Tuesday, August 10, 2010

Donnie George Involved in Looting of Kuwait Museum?

Dr. Donnie George has become an icon to many in the archaeological community. Organizations like SAFE (and the AIA I believe) have honored him with awards.

That is why this recent comment from Dr. Dorothy King (PhDiva) on a blog I did some time back about the looting of the Kuwait Museum deserves greater exposure. See:
http://culturalpropertyobserver.blogspot.com/2010/06/kuwait-museums-missing-treasures.html

Apparently, Dr. George indicated to Dr. King that he was involved in rounding up artifacts from the Kuwait Museum and private collections after Saddam's invasion of Kuwait for transfer back to Bagdhad for "safekeeping."

I suppose Dr. George was "just following orders" from Saddam's henchmen, but ironies abound when one reads this from a SAFE story about the award he received from that organization:

Dr. George...has devoted a large part of his scholarly career to raising awareness of the problems of looted antiquities. He had a long, notable career as an archaeologist in Iraq before being appointed Director-General of Research and Studies at the Iraq Museum in Baghdad in 2000. In 2003 he witnessed firsthand the catastrophic looting of the Museum, and has since become a voice for the effort to recapture the Museum’s stolen artifacts, and the restitution of cultural property in general.

See http://www.savingantiquities.org/event.php?eventID=83

Perhaps people in glass houses really shouldn't throw stones.

Addendum: Dr. George's side of the story has been placed on David Gill's like-minded, "Looting Matters" blog: See http://lootingmatters.blogspot.com/2010/08/donny-george-and-kuwait.html Despite Dr.

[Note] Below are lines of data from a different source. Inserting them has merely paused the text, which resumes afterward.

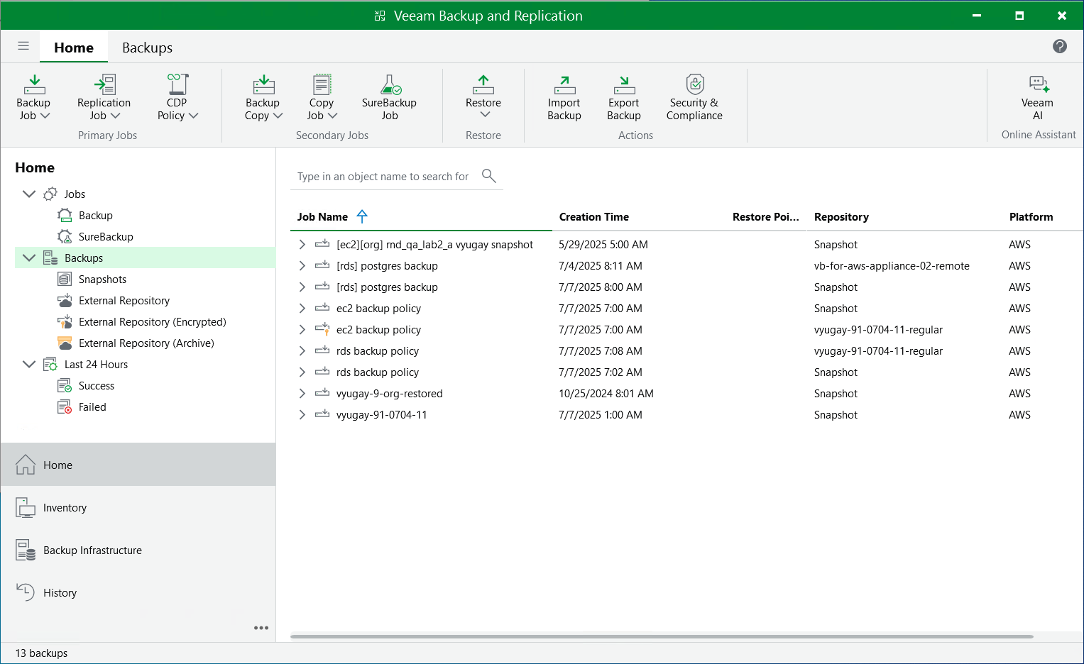 To view and manage backed-up data, navigate to the Backups node of the Home view. The node displays information on all restore points created by backup appliances.
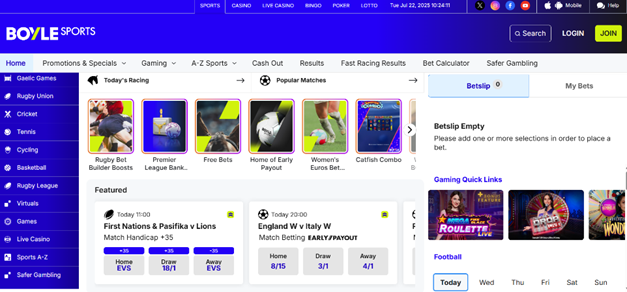 BoyleSports is an excellent choice for both sports betting and casino gaming, with a huge range of promotions and odds boosts available every day. In my opinion, it’s one of the best online casinos/sportsbook hybrids.
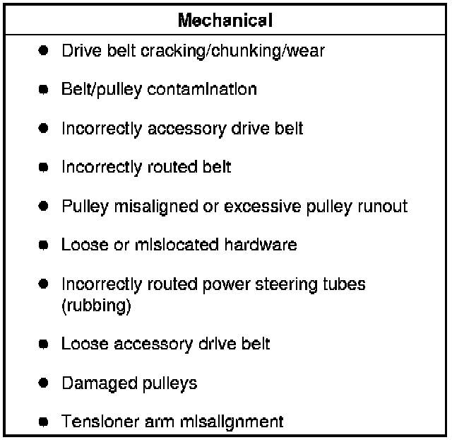 3. Eliminate all other non-belt related noises that could cause belt misdiagnosis, such as A/C compressor engagement chirp, power steering cavitations at low temperatures, variable camshaft timing (VCT) tick or generator whine.
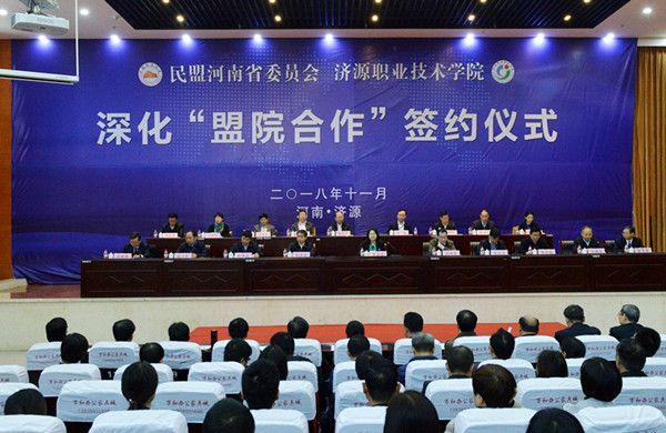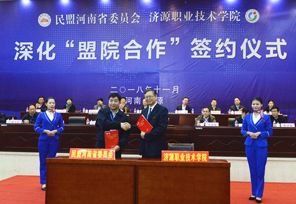 张战伟指出,深化“盟院合作”签约仪式既是济源多党合作事业发展史上的一件喜事,也是职业教育发展史上的一件大事。济源是一座工业城市,产业体系完备,技术装备水平较高,大力发展职业教育有着良好的基础和广阔的空间。近年来,济源大力实施职教攻坚计划、全民技能振兴工程和劳动力全员免费技能培训计划,持续加大财政投入,加快职教资源整合,组建济源职业教育集团,建成了职教园区,走出了自己的特色之路。职业教育已经成为济源一张靓丽的名片,多次受到教育部、省政府和省教育厅的表扬,被河南省确定为全省职业教育攻坚工作先进省辖市和职业教育综合改革实验区,济源职业技术学院被教育部确定为现代学徒制试点院校和国家级优质高职院校建设单位。职业教育的快速发展,为地方培养了大批实用型技术人才,在推进济源国家产城融合示范区建设的进程中发挥了重要作用。深化盟院合作,民盟省委不仅深化合作项目,还扩大了合作范围,组织郑州大学等六所实力雄厚的本科院校对职业技术学院进行帮扶。这些学校拥有一流的创新人才、优质的智力资源和先进的科技成果,重点对口帮扶不仅有利于提高职业技术学院的办学水平、助推地方经济建设,对推动全省职业教育改革发展也具有重要的现实意义。在今后的合作中,济源市将以最大的诚意、最优质的服务,持续推进合作协议的全面落实,努力把“盟院合作”打造成济源乃至全省高校开展多党合作的典范。他希望,民盟省委在盟院合作的基础上,提升合作层次,早日开展盟济合作,加快建设职教强市。
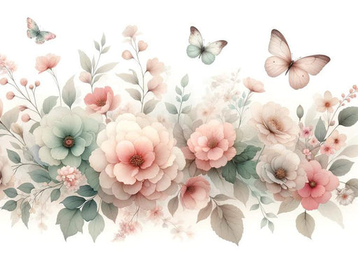 Afficher tous les détailsPapier peint papillon | Fleurs roses et bleues
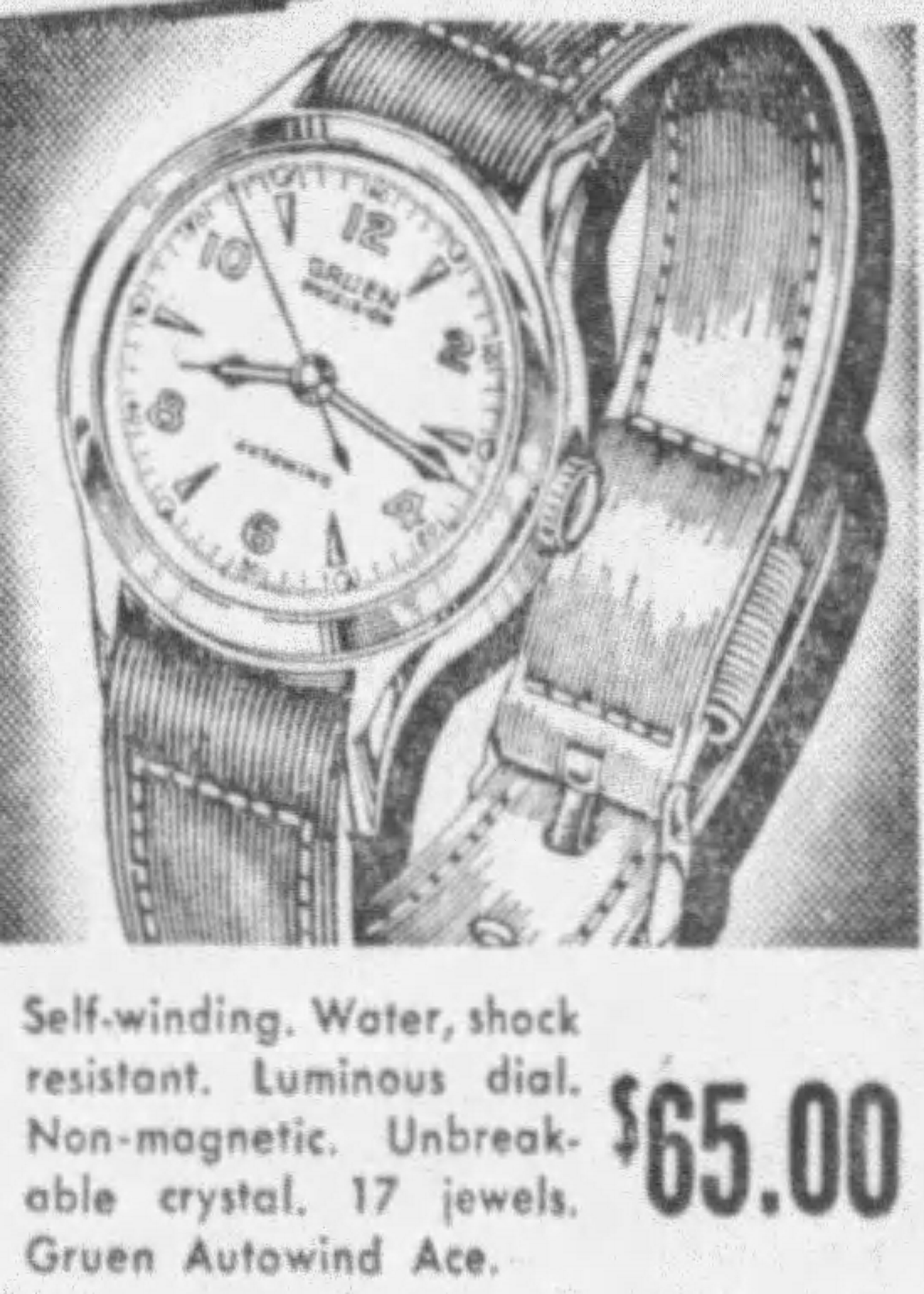 But this one I would say is one of the watches sold under the name "Autowind Ace". I have about 20 ads showing Autowind Ace versions with different dials from 1949 to 1953. This one seems to be matching:

George's protestations that all was done in accordance with international law, does anyone really believe that Saddam's Baathist regime intended to give everything back voluntarily after the end of hostilities had Iraq prevailed in the First Gulf War? Or is it more likely Saddam's government [which Dr. George willingly served at the time] intended to take the same path as past conquerors like Hitler, Stalin, Napoleon, etc?

Addendum II: Dorothy King has offered additional comments on this story on her own "PhDiva" blog: http://phdiva.blogspot.com/2010/08/looting-of-kuwaiti-museums.html [One should take particular note of the difference between Dr. King's understandings about George's involvement with official looting of private collections in Kuwait and George's current statement that he was not involved in such activities.]

Here is the text of her comments:

Some sort of a tempest in a tea cup is going on about Donny George's role in the Iraqi looting of Kuwait, and David Gill has even felt the need to issue a press release. I'm a little surprised that this has become an issue again.

I interviewed Donny George way back in 2006, and asked him about it; he told me, in front of a British Museum employee and on tape, his own account of his role in the Iraqi looting of Kuwaiti Museums.

It was old news at the time, and many of us were aware of the fact that Dr George had helped pack up the collections (museum and private) in Kuwait in 1990. It wasn't news to me. It wasn't news to the British Museum employee. And when I wrote up the related conference going on in London for Minerva Magazine, it wasn't news to the editor, who didn't think it was worth including in the summary (available online here).

Yes, Donny George was very much involved in the Iraqi looting of Kuwaiti cultural property. No, Dr George's life is not whiter than white, but then again whose is? He's been working in the real world rather than an Ivory Tower, and so he has had to get his hands dirty over the years. Oh, and let's not forget that Saddam Hussein was in charge of Iraq at the time - so Dr George wouldn't really have been able to say 'no' ... Obviously I wish that the contents of the private collections had been as scrupulously returned as those of the Museum, but it was not to be. The man is not perfect, but he was just obeying orders, and sometimes that's the only option people feel they have.